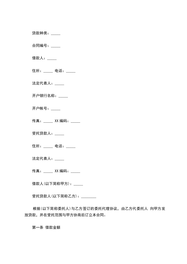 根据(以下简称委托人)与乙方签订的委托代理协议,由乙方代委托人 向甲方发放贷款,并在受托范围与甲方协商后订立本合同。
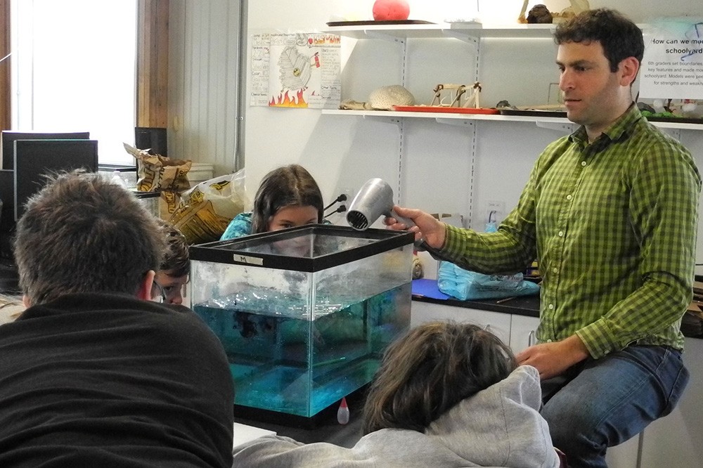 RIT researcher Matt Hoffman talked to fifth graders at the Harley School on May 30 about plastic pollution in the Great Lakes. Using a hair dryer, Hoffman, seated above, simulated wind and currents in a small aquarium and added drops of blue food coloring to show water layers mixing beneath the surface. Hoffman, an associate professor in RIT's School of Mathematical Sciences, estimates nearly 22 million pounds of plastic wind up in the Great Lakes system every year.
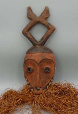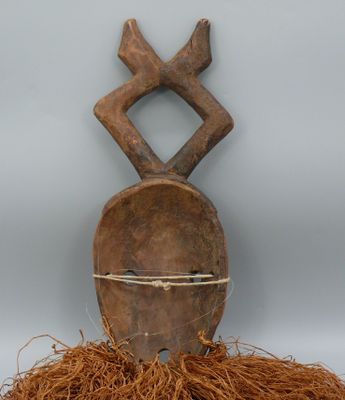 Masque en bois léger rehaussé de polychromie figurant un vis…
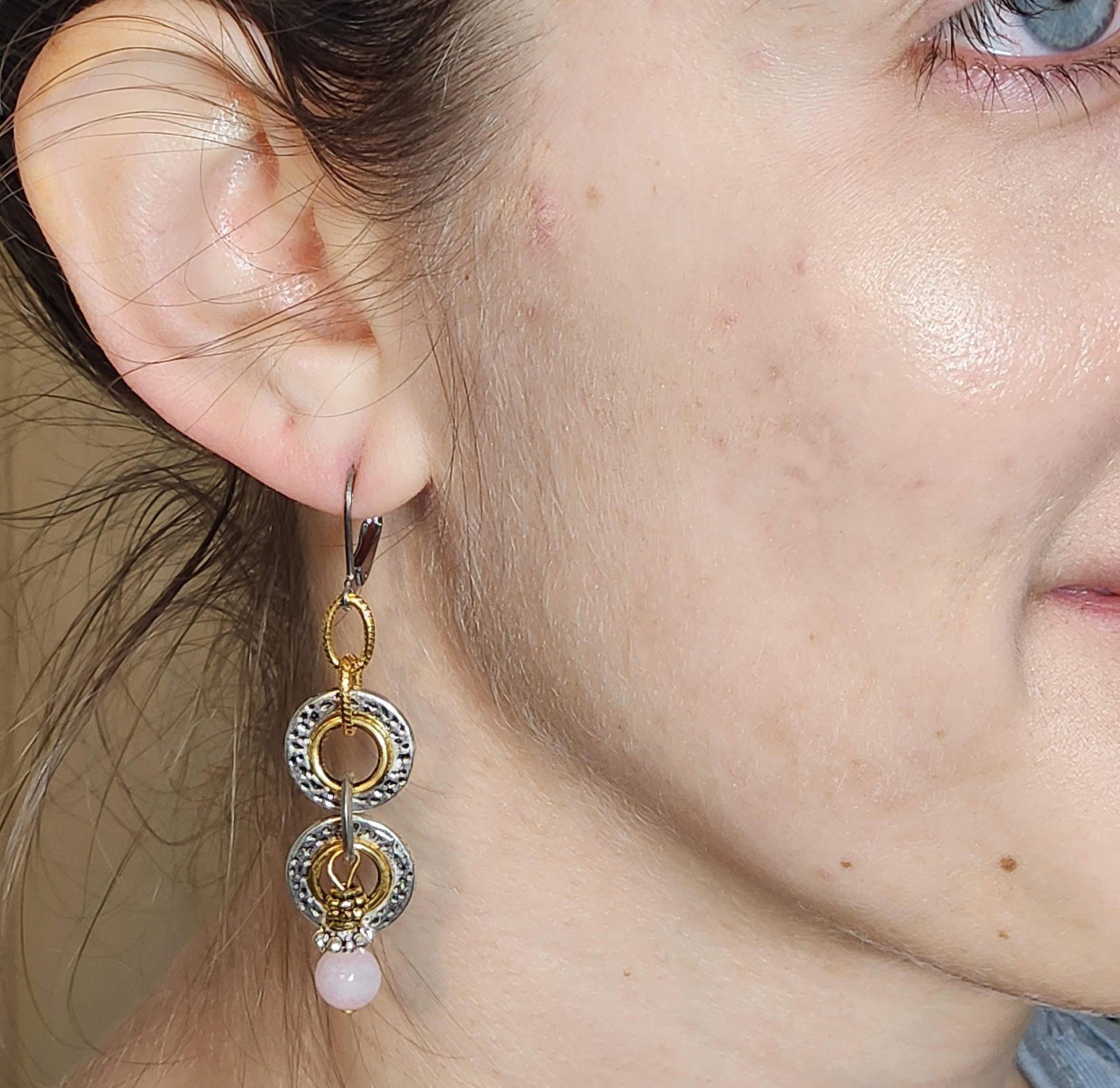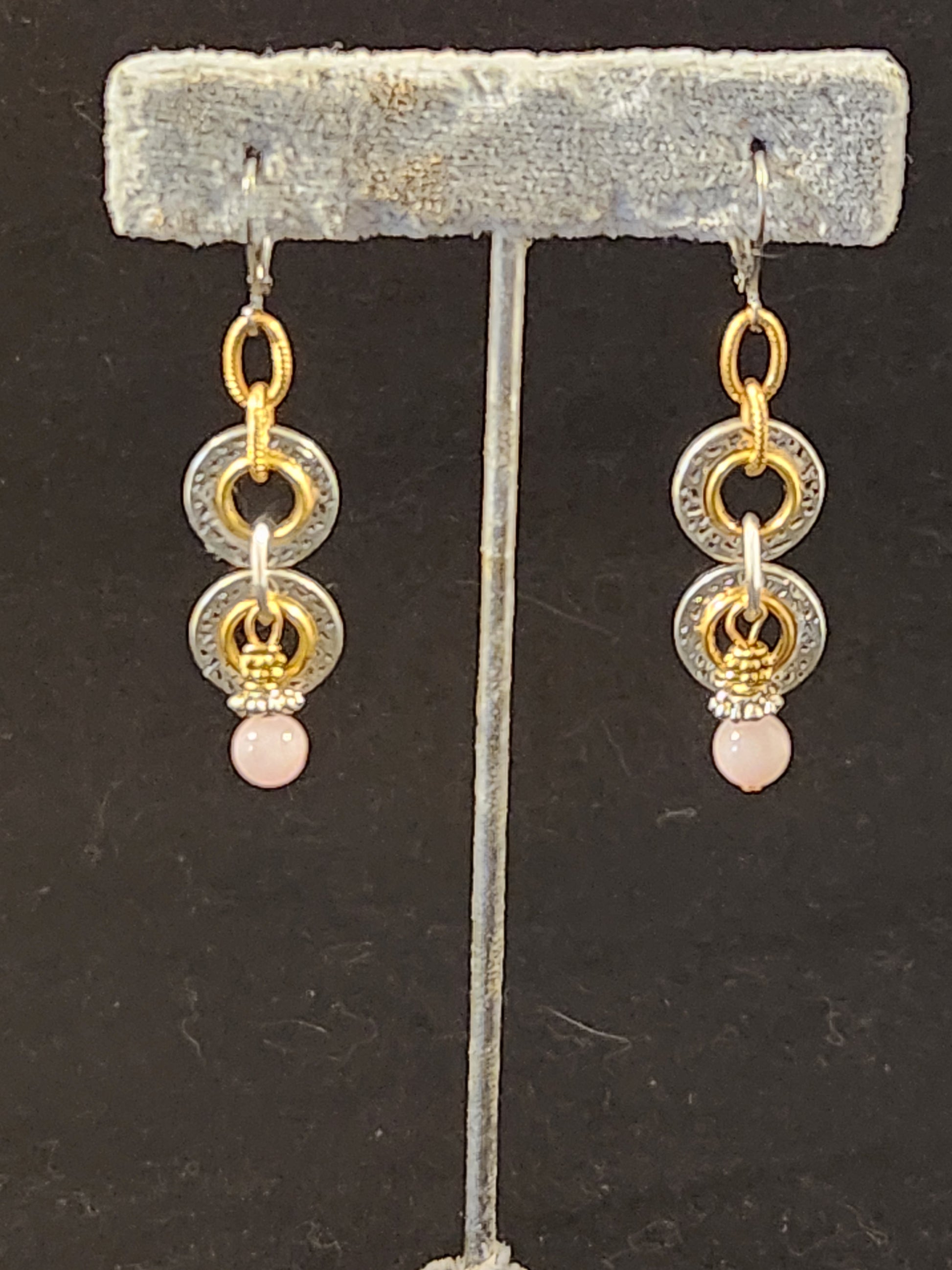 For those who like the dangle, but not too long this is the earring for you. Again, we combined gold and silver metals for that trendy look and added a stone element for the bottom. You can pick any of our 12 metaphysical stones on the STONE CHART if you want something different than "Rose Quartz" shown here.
--
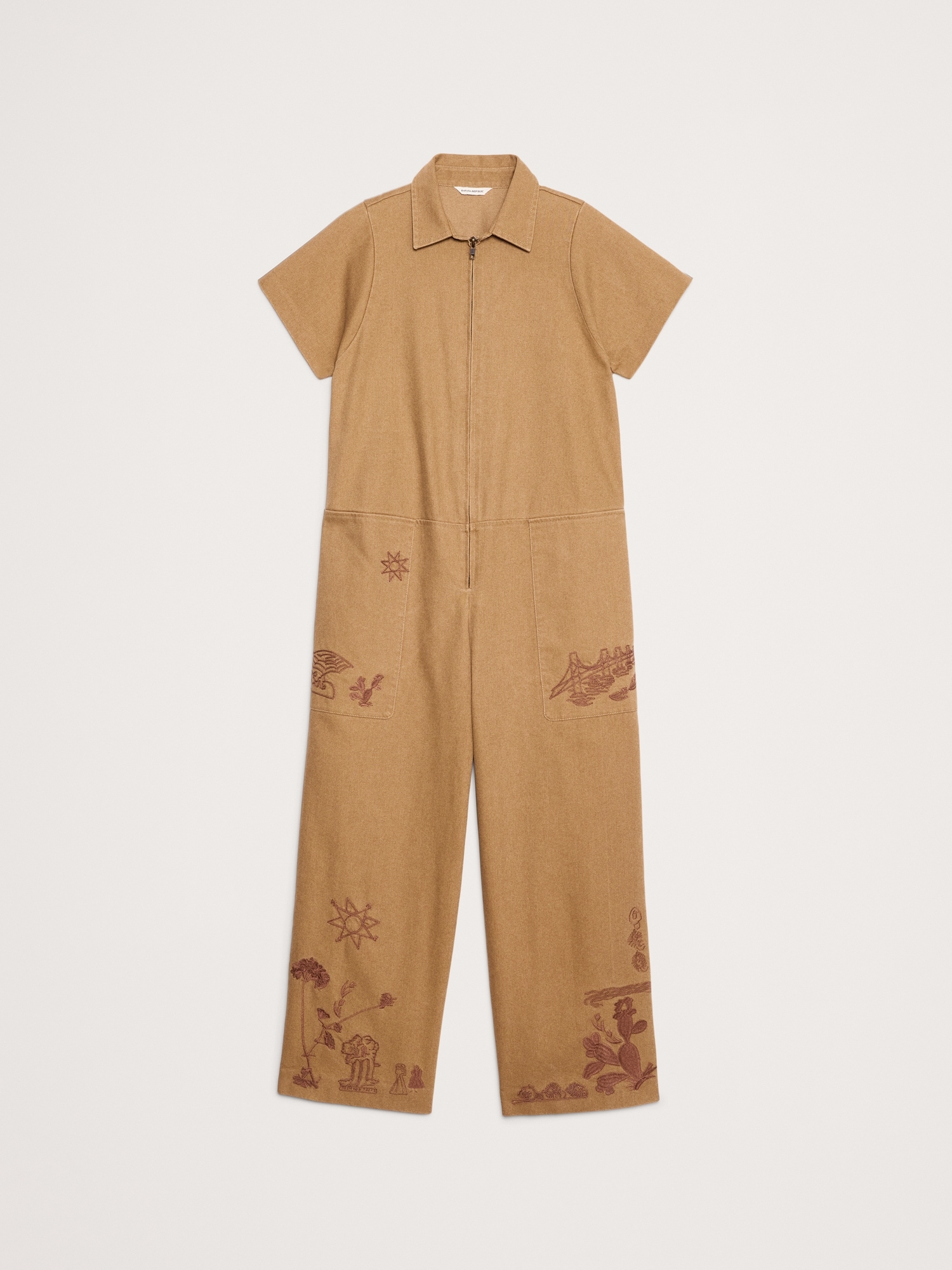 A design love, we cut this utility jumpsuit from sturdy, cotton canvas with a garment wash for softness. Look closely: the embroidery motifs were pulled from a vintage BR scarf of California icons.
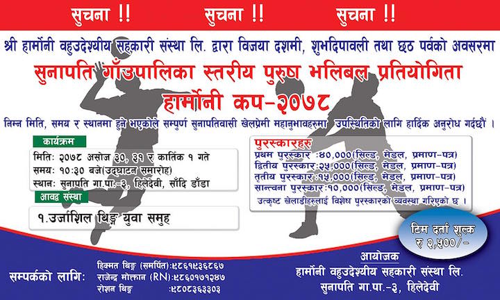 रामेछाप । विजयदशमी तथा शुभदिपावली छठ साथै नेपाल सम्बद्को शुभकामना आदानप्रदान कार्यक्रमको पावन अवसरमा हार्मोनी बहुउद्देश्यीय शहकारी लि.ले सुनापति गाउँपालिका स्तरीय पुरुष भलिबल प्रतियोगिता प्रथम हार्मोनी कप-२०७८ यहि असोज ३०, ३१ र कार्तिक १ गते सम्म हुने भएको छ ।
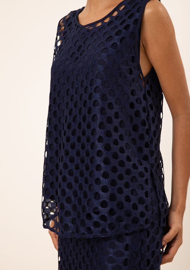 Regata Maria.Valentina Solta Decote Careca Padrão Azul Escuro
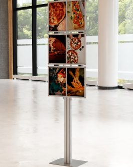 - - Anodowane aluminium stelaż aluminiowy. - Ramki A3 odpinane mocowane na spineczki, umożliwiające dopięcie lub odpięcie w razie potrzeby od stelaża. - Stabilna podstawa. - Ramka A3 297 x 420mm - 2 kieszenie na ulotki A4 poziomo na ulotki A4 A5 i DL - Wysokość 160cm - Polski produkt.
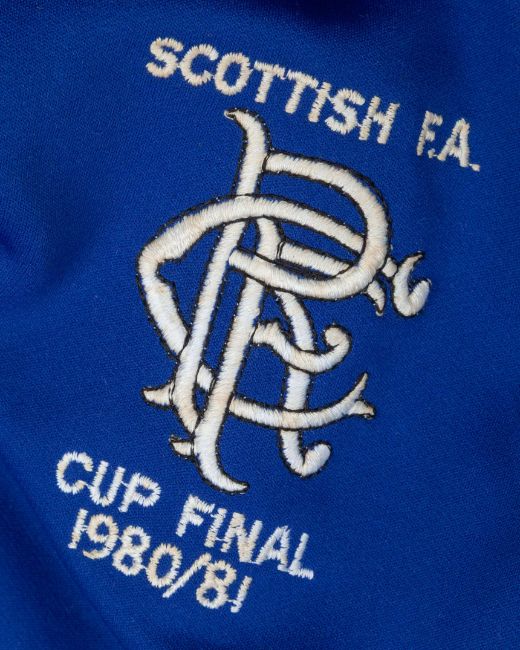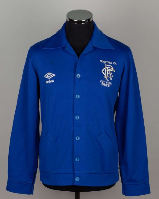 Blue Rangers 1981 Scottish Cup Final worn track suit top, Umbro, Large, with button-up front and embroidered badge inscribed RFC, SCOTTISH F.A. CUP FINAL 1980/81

== PROBLEM REQUIREMENTS ==
Pictures excluded, give again exactly and only the lines of the material above from the line with "- - Anodowane" through the line with "Blue Rangers 1981".

== EXERCISE RESULT ==
 - - Anodowane aluminium stelaż aluminiowy. - Ramki A3 odpinane mocowane na spineczki, umożliwiające dopięcie lub odpięcie w razie potrzeby od stelaża. - Stabilna podstawa. - Ramka A3 297 x 420mm - 2 kieszenie na ulotki A4 poziomo na ulotki A4 A5 i DL - Wysokość 160cm - Polski produkt.
 Blue Rangers 1981 Scottish Cup Final worn track suit top, Umbro, Large, with button-up front and embroidered badge inscribed RFC, SCOTTISH F.A. CUP FINAL 1980/81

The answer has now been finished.